Water Flows Downhill

As the weather has warmed and stay-at-home restrictions have somewhat eased, more of you are heading to our favorite spot in Richmond: The James River.

But many of you likely think of the James only as that ribbon of water that cuts through our city. Sure, it lends its name to our beloved James River Park, but what else do you really know about it?

Richmond is where it is because of the Falls of the James. Below Richmond, it flows as mostly flatwater all the way into the Chesapeake Bay. When the first Europeans came to Virginia, they landed at what became Jamestown. As that settlement grew and more Europeans arrived, our capitol city moved upstream to what became Williamsburg. But folks approached Richmond as early as 1611. That was when Sir Thomas Dale established the settlement of Henricus, at what is now Dutch Gap.

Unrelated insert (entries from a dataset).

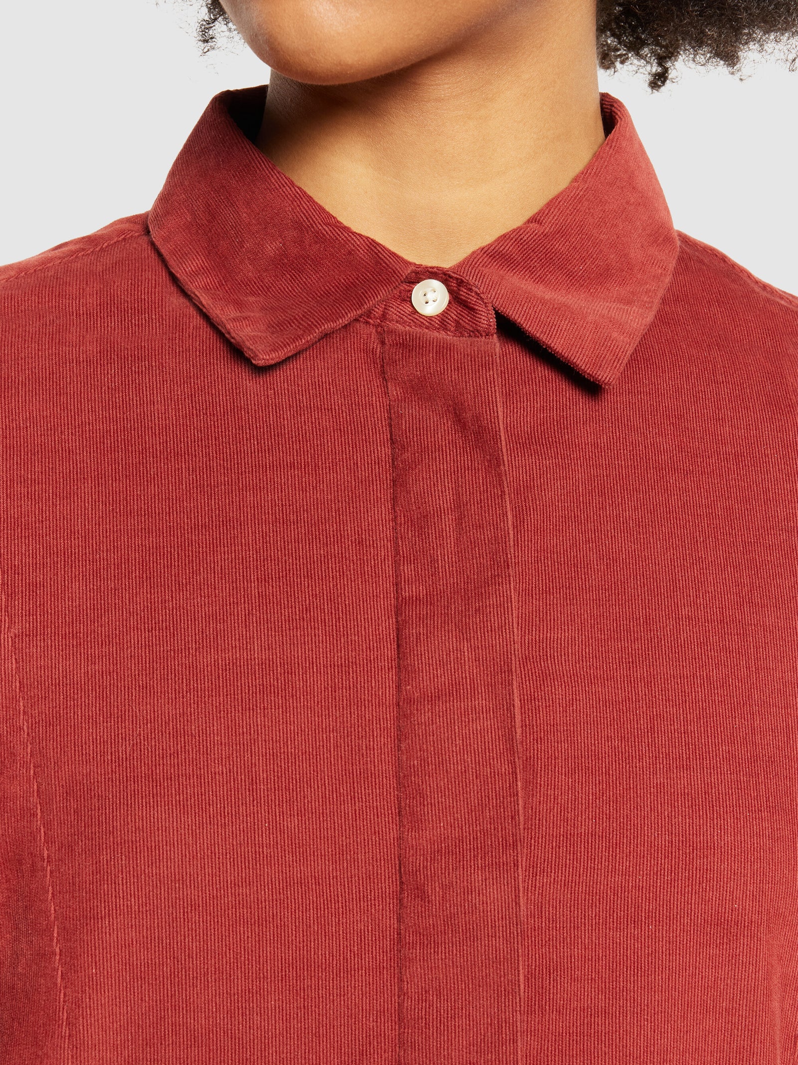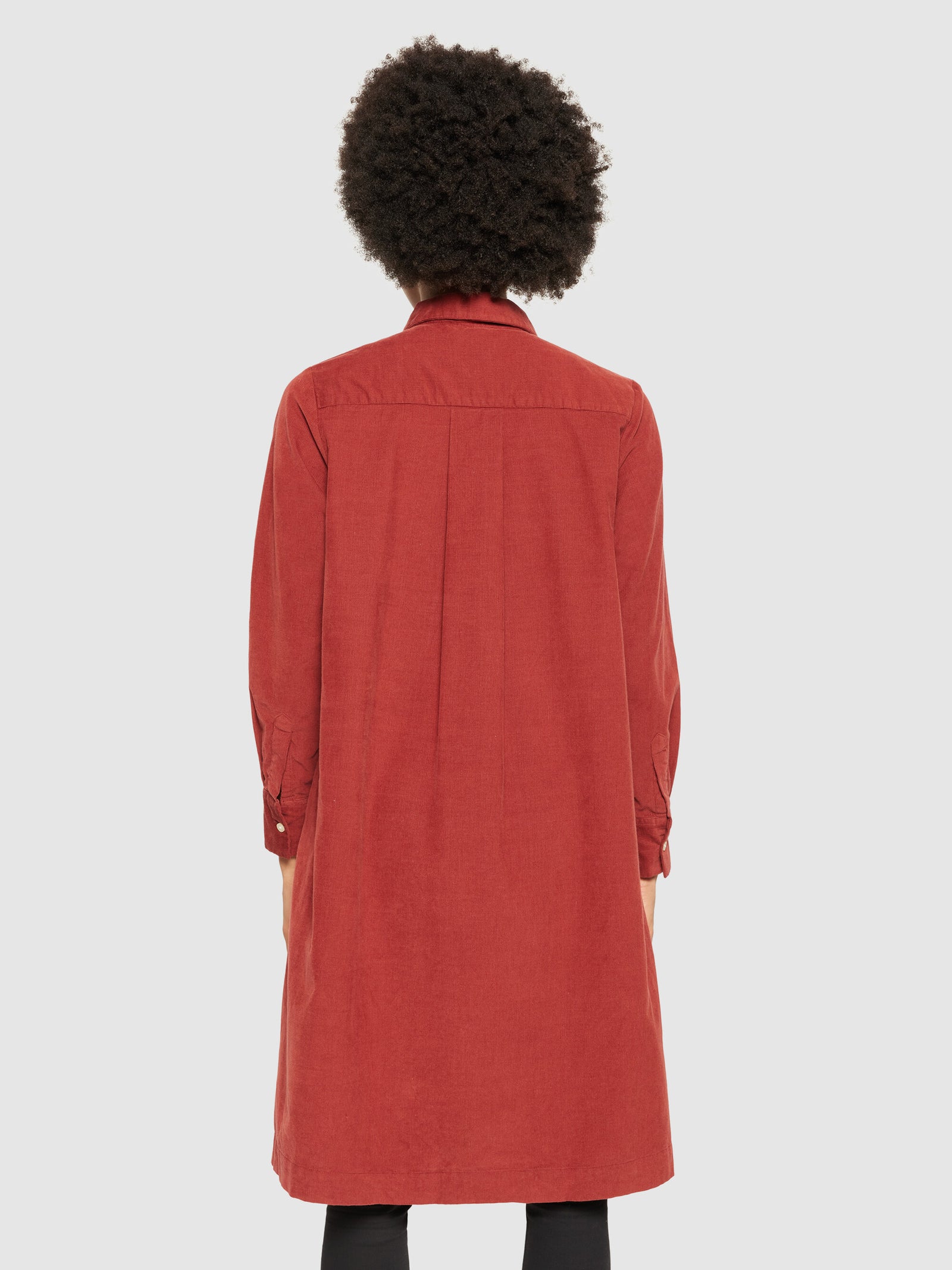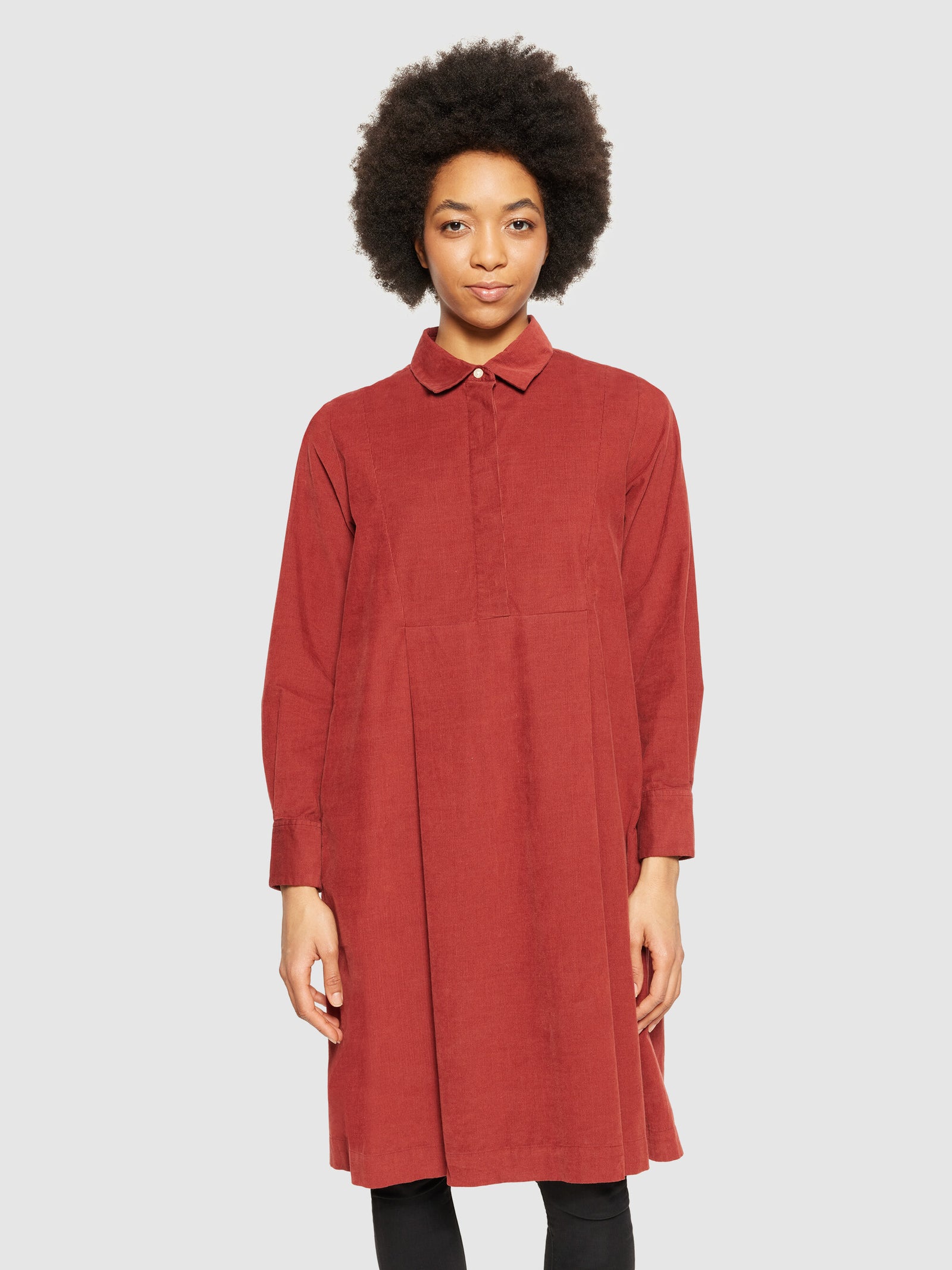 Bring timeless pieces marked by trans-seasonal features to your wardrobe. Our shirt dress is made from 100% organic cotton baby corduroy that lightly frames a feminine silhouette. The dress has a mid-length A-shaped fit and is designed to be worn during any season. It is finished with a classic collar and button closure.Style no. 2200062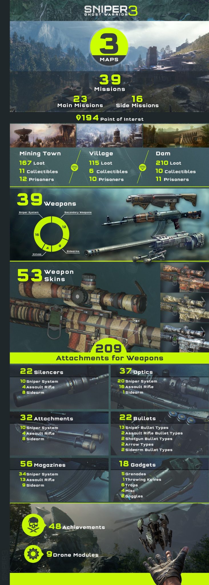 CI Games ha continuato ad ascoltare i feedback dei giocatori durante tutto lo sviluppo di Sniper Ghost Warrior. Sniper Ghost Warrior 3 è senza dubbio il più grande progetto mai creato di CI Games. CI Games non potrebbe essere più orgogliosa dei risultati che è stata in grado di raggiungere con questo progetto. Per ringraziare tutti i giocatori, CI Games ha preparato un’infografica che illustra alcuni straordinari contenuti del gioco.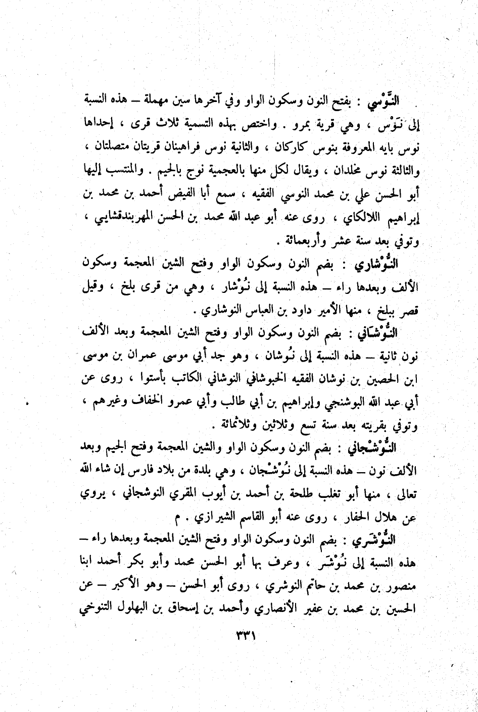 النوسي بِفَتْح النُّون وَسُكُون الْوَاو وَفِي آخرهَا سين مُهْملَة هَذِه النِّسْبَة إِلَى نوس وَهِي قَرْيَة بمرو واختص بِهَذِهِ التَّسْمِيَة ثَلَاث قرى إِحْدَاهَا نوس بايه الْمَعْرُوفَة بنوس كاركان وَالثَّانيَِة نوس فراهينان قَرْيَتَانِ متصلتان وَالثَّالِث نوس مخلدان وَيُقَال لكل مِنْهَا بالعجمية نوج بِالْجِيم والمنتسب إِلَيْهَا أَبُو الْحسن عَليّ بن مُحَمَّد النوسي الْفَقِيه سمع أَبَا الْفَيْض احْمَد بن مُحَمَّد بن إِبْرَاهِيم اللالكاي روى عَنهُ ابو عبد الله مُحَمَّد بن الْحسن المهربندقشايي وَتُوفِّي بعد سنة عشر وَأَرْبَعمِائَة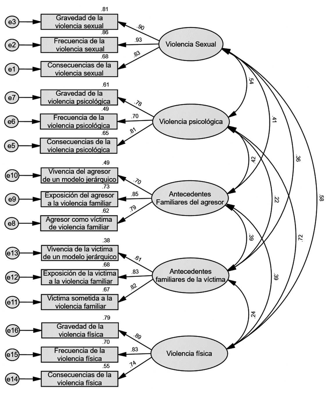Los resultados iniciales para el análisis factorial confirmatorio identificaron una no normalidad multivariante para los 16 indicadores (CR = 7.66); a la vez se identificaron mediante la distancia de Mahalanobis valores atípicos multivariantes (< .001), por lo que se procedió a eliminar 25 casos, reduciéndose la muestra a 482 casos, obteniendo así una normalidad multivariada de datos (CR = 1.88). Se obtuvo a través del método de estimación de máxima verosimilitud un diagrama de ruta conformado por 16 indicadores y 5 variables latentes, con 4 indicadores para la variable violencia psicológica, 3 indicadores tanto para la variable violencia sexual, violencia física, antecedentes familiares del agresor y para la variable antecedentes familiares de la víctima.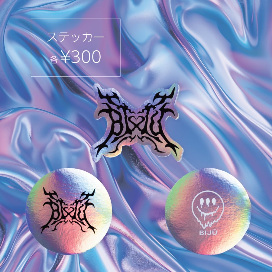 BIJŪのロゴをプリントしたホログラムステッカー。
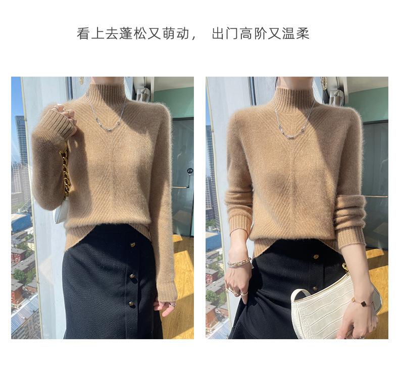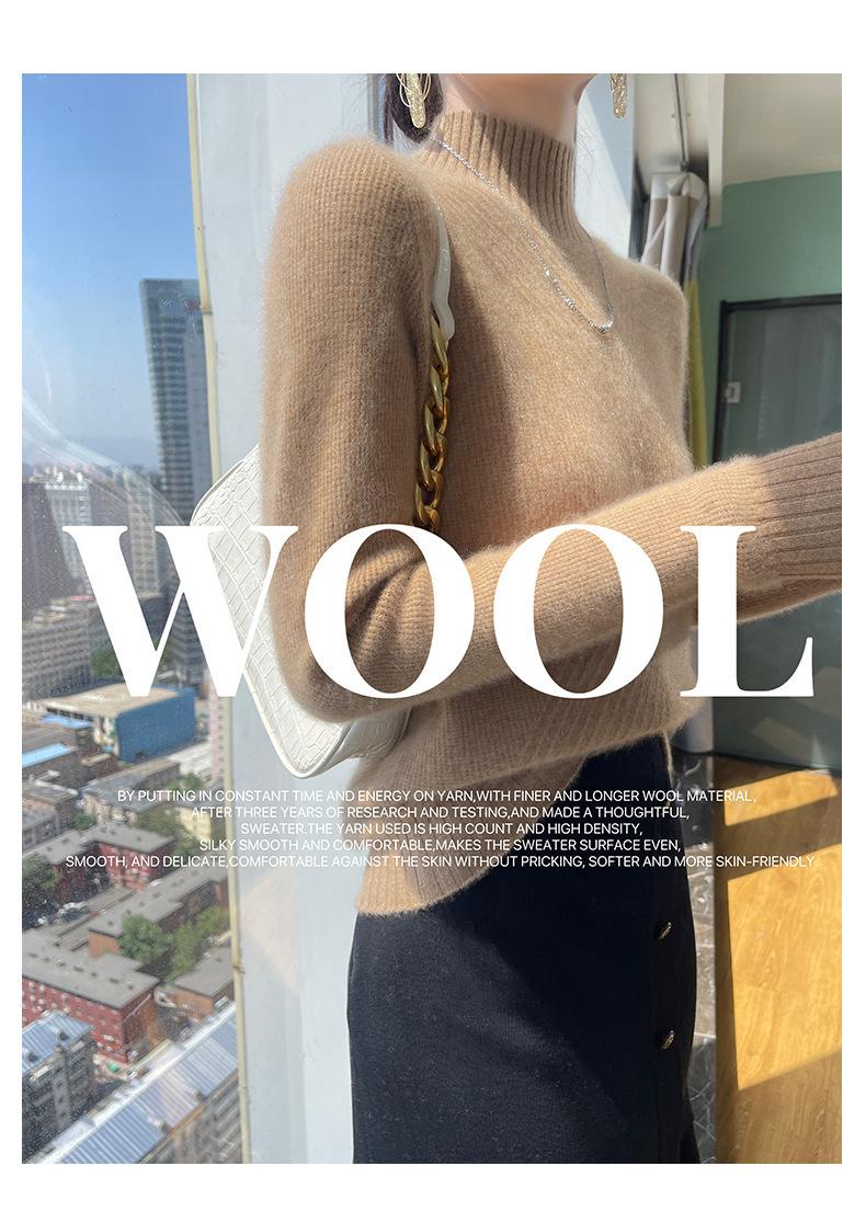 Estación europea otoño e invierno Nuevo suéter de medio cuello alto suéter interior para mujer engrosado suelto adelgazante tejido camisa básica moda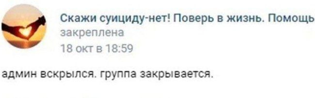 На изображении представлен скриншот из социальной сети, предположительно из группы, посвященной предотвращению суицидов. Верхняя часть сообщения гласит: "Скажи суициду-нет! Поверь в жизнь. Помощь закреплена". Ниже указана дата публикации: "18 окт в 18:59". Однако, центральная часть мема — это продолжение сообщения, которое перечеркивает весь позитивный посыл. В нем говорится: "админ вскрылся. группа закрывается.". Это создает сильный контраст между призывом к жизни и трагической новостью о создателе группы, что и делает изображение мемом.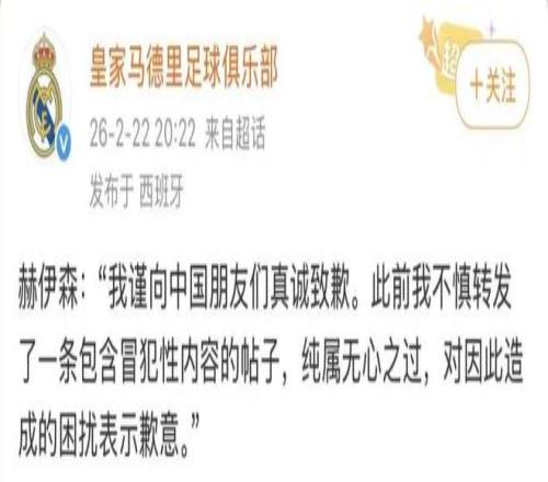 随着舆论发酵,赫伊森迅速删除了相关动态,但其个人主页并未立即作出任何解释 。直至22日晚,皇马的官方微博发布了一则简短声明,以赫伊森的口吻写道:“我谨向中国朋友们真诚致歉。此前我不慎转发了一条包含冒犯性内容的帖子,纯属无心之过,对因此造成的困扰表示歉意。”然而,这份道歉非但未能平息众怒,反而引发了更大规模的质疑。细心的网友发现,这则道歉仅出现在拥有百万粉丝的皇马中文官方微博上,而在皇马俱乐部官网、海外社交平台账号,乃至当事人赫伊森自己的海外社交账号,均找不到任何道歉的踪影 。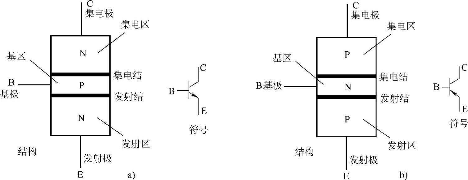 a)NPN型晶体管 b)PNP型晶体管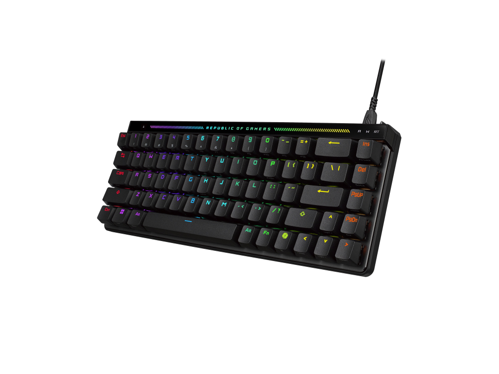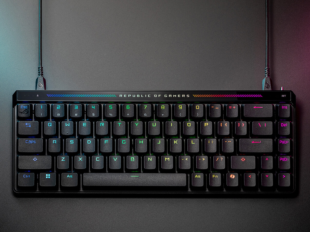 Mehanska gaming tipkovnica s prednaoljenimi ROG HFX magnetnimi stikali. Stikala omogočajo hitro proženje (rapid trigger in speed tap). Tipkovnica je v 65% velikosti, omogoča 8000 Hz frekvenco poročanja ter je sestavljena iz 5 plasti za izničevanje šuma med tipkanjem. Intuitivni nadzor nad točko proženja, glasnostjo ali osvetlitvijo z večfunkcijskim gumbom in interaktivno ploščo na dotik. Omogoča priklop z dvema USB-C vhodoma. Integrirane noge za nastavitev naklona. Priložen pokrov.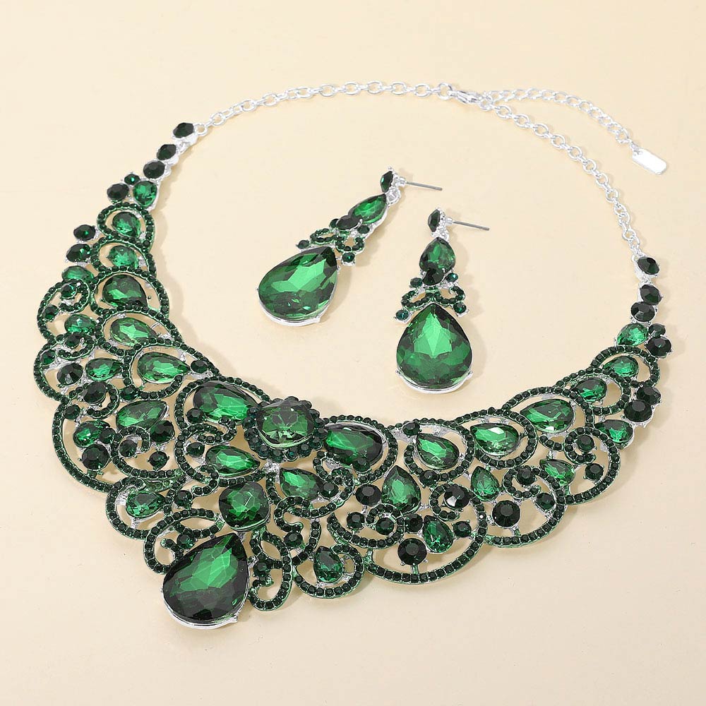 Teardrop Stone Cluster Embellished Collar Evening Necklace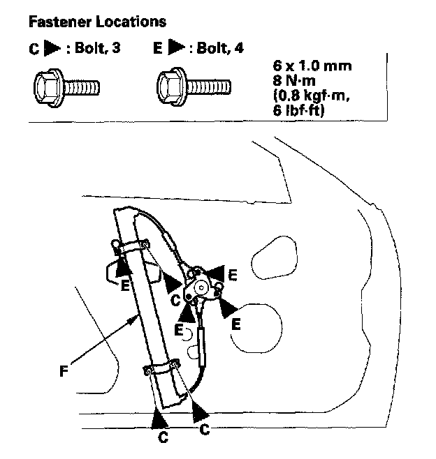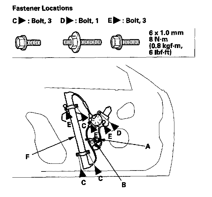 5. Disconnect and detach the connector (A) and harness clip (B) from the door (power window models). Remove the bolts (C, D) and loosen the bolts (E), then remove the regulator (F) through the hole in the door.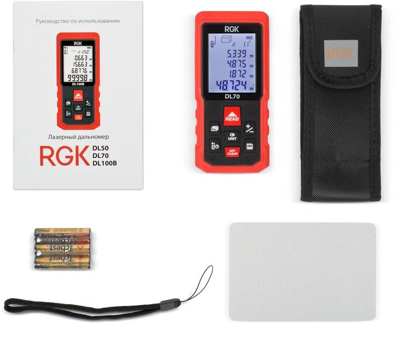 Лазерный дальномер RGK DL70 2кл.лаз. 635нм цв.луч. красный (755702)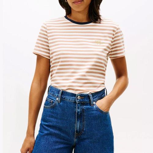 [해외배송] 타미 여성 스크립트 로고 스트라이프 티셔츠 Cream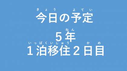1泊移住に出かけている5年生は、みんな元気に2日目を迎えたと連絡が入りました。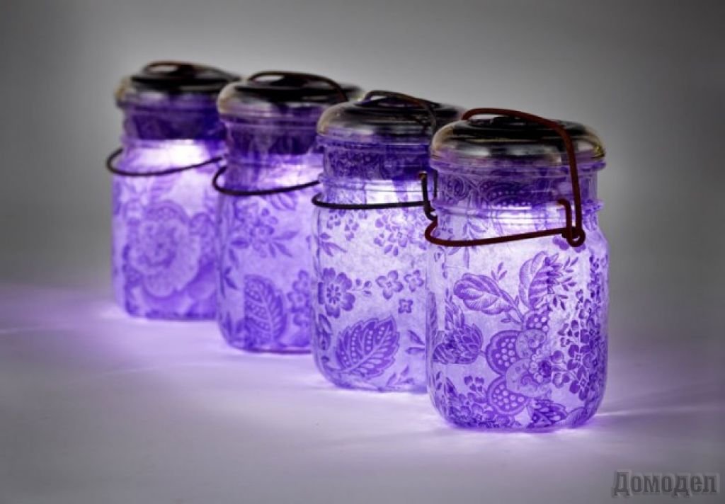 Измеряем диаметр банки и отрезаем от кружева соответствующий кусочек. Далее просто сшиваем его наподобие чехла, оставив незашитыми верхнюю и нижнюю части. То, что у нас получилось, одеваем на банку. Чехол должен плотно прилегать к банке и не спадать с нее. Далее в банку ставим наш светильник и закручиваем крышку. Готово! Если вы выбрали свечу, то лучше взять маленькие свечки с металлической подставкой. При этом не забудьте, что крышку закрывать нельзя (или проделайте в ней отверстие для поступления кислорода).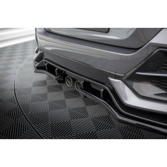 Maxton Design středový spoiler pod zadní nárazník s žebrováním pro Honda Civic Mk10 Sport, černý lesklý plast ABS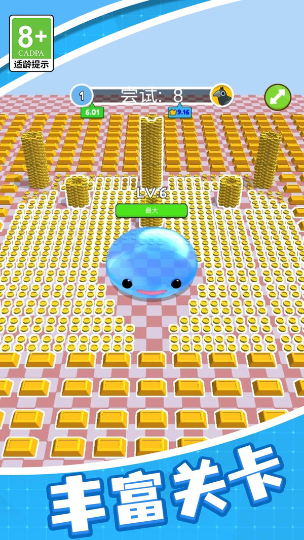 2、极品球球冒险以独特的吞噬成长玩法为核心,玩家操控蓝色史莱姆不断吞噬各种物品,体型和实力会逐渐增强。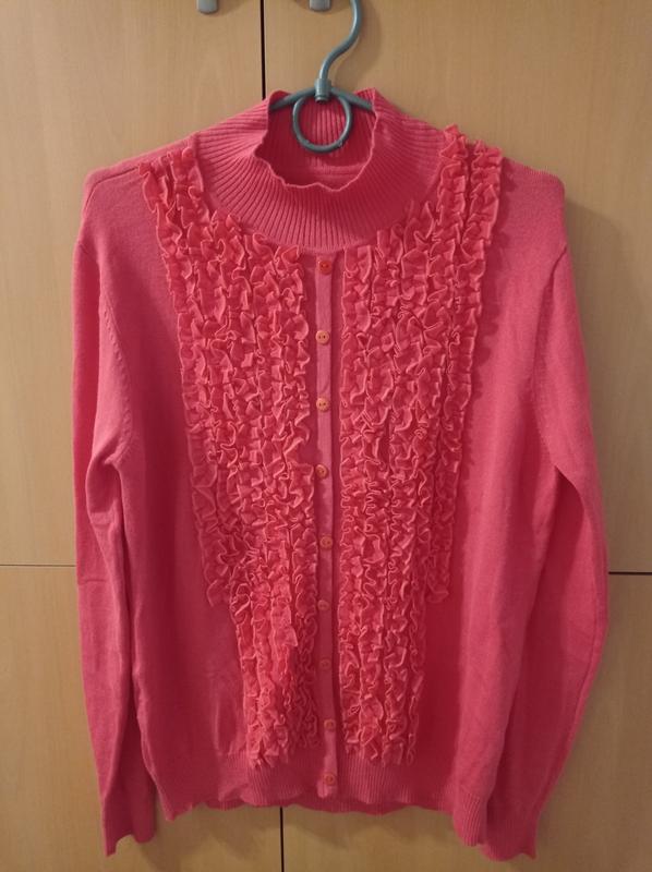 Нарядна кофта -гольф.Ідеальний варіант на весну.Тканина дуже приємна до тіла.Якість супер.Розмір+-50-52.Заміри по запиту. Безпечною оплатою не Робіть замовлення обдумано назад речі б'у не приймаю.Дякую за розуміння.

But the Falls thwarted further movement. The larger boats that could navigate up from the Chesapeake would have to be portaged (carried over land) to reach the flatwater of the upper James. As America grew, towns and cities sprung up along the James from the Chesapeake to the Appalachian Mountains, and canals and waterworks aided that expansion.

And that’s one of the things that people perhaps forget: The James River and its watershed are huge.

The James starts in little Iron Gate, a small-town west of Lexington. It’s the largest river in Virginia, stretching for over 400 miles. The watershed – the creeks and streams and springs that fill the James River as it makes its way to the Chesapeake Bay – covers over 10,400 square miles. And while we’re lucky to have the James in our home town, over 2.5 million people (as of 2000) live within that watershed.

Fifty years ago, it was frowned upon the use the James for recreation. In 1975, Governor Mills Godwin shut it down for anyone wanting to fish. But as we became more environmentally aware, the health of the river improved. Over the last several years, Atlantic Sturgeon, which have been coming to the James to spawn for millions of years, have begun to return to their natural habitats just below Richmond. And we once again revel in the James for swimming, boating, and fishing.

In addition to its importance in Virginia’s history, the James has great importance to the health of our Commonwealth. As we begin to leave our homes to once again enjoy its fruits, remember to keep it clean.